— Data below —
= Beginning of Section =
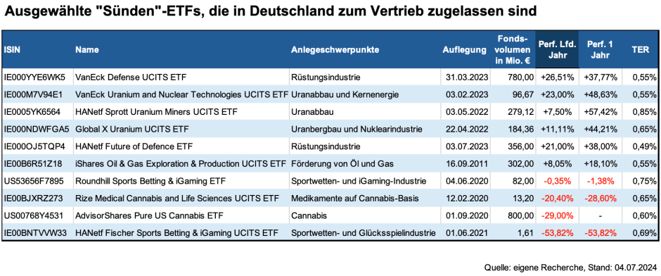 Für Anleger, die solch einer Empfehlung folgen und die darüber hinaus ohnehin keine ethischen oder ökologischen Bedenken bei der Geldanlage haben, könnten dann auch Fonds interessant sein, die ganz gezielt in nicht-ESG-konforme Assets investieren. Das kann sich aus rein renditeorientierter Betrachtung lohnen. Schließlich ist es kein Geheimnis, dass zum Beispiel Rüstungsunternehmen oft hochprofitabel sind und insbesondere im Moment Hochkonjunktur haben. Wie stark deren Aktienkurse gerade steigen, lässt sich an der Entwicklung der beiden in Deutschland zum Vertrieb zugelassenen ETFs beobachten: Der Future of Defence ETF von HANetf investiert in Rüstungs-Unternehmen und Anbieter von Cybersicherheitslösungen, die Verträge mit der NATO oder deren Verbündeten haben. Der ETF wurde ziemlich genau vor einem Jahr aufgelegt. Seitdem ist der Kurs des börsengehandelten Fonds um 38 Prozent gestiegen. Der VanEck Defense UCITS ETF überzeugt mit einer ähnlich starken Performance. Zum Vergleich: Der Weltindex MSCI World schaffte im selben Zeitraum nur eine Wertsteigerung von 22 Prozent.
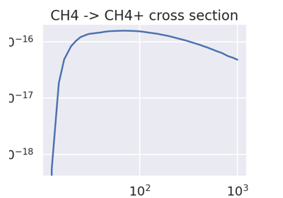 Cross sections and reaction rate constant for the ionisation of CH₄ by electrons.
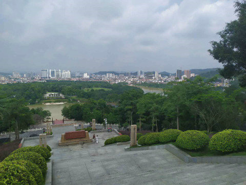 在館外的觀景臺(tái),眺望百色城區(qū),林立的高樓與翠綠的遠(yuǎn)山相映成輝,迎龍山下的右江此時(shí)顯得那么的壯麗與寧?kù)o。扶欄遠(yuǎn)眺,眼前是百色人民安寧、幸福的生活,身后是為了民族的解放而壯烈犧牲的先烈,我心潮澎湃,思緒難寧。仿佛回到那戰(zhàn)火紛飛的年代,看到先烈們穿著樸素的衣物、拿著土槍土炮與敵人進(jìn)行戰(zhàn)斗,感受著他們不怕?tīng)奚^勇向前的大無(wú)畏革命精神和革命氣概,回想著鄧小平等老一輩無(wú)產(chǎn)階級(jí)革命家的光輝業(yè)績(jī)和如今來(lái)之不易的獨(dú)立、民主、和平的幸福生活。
= End of Section =
— Exercise objective —
Print the listing exactly, minus its pictures.

— Output below —
 Für Anleger, die solch einer Empfehlung folgen und die darüber hinaus ohnehin keine ethischen oder ökologischen Bedenken bei der Geldanlage haben, könnten dann auch Fonds interessant sein, die ganz gezielt in nicht-ESG-konforme Assets investieren. Das kann sich aus rein renditeorientierter Betrachtung lohnen. Schließlich ist es kein Geheimnis, dass zum Beispiel Rüstungsunternehmen oft hochprofitabel sind und insbesondere im Moment Hochkonjunktur haben. Wie stark deren Aktienkurse gerade steigen, lässt sich an der Entwicklung der beiden in Deutschland zum Vertrieb zugelassenen ETFs beobachten: Der Future of Defence ETF von HANetf investiert in Rüstungs-Unternehmen und Anbieter von Cybersicherheitslösungen, die Verträge mit der NATO oder deren Verbündeten haben. Der ETF wurde ziemlich genau vor einem Jahr aufgelegt. Seitdem ist der Kurs des börsengehandelten Fonds um 38 Prozent gestiegen. Der VanEck Defense UCITS ETF überzeugt mit einer ähnlich starken Performance. Zum Vergleich: Der Weltindex MSCI World schaffte im selben Zeitraum nur eine Wertsteigerung von 22 Prozent.
 Cross sections and reaction rate constant for the ionisation of CH₄ by electrons.
 在館外的觀景臺(tái),眺望百色城區(qū),林立的高樓與翠綠的遠(yuǎn)山相映成輝,迎龍山下的右江此時(shí)顯得那么的壯麗與寧?kù)o。扶欄遠(yuǎn)眺,眼前是百色人民安寧、幸福的生活,身后是為了民族的解放而壯烈犧牲的先烈,我心潮澎湃,思緒難寧。仿佛回到那戰(zhàn)火紛飛的年代,看到先烈們穿著樸素的衣物、拿著土槍土炮與敵人進(jìn)行戰(zhàn)斗,感受著他們不怕?tīng)奚^勇向前的大無(wú)畏革命精神和革命氣概,回想著鄧小平等老一輩無(wú)產(chǎn)階級(jí)革命家的光輝業(yè)績(jī)和如今來(lái)之不易的獨(dú)立、民主、和平的幸福生活。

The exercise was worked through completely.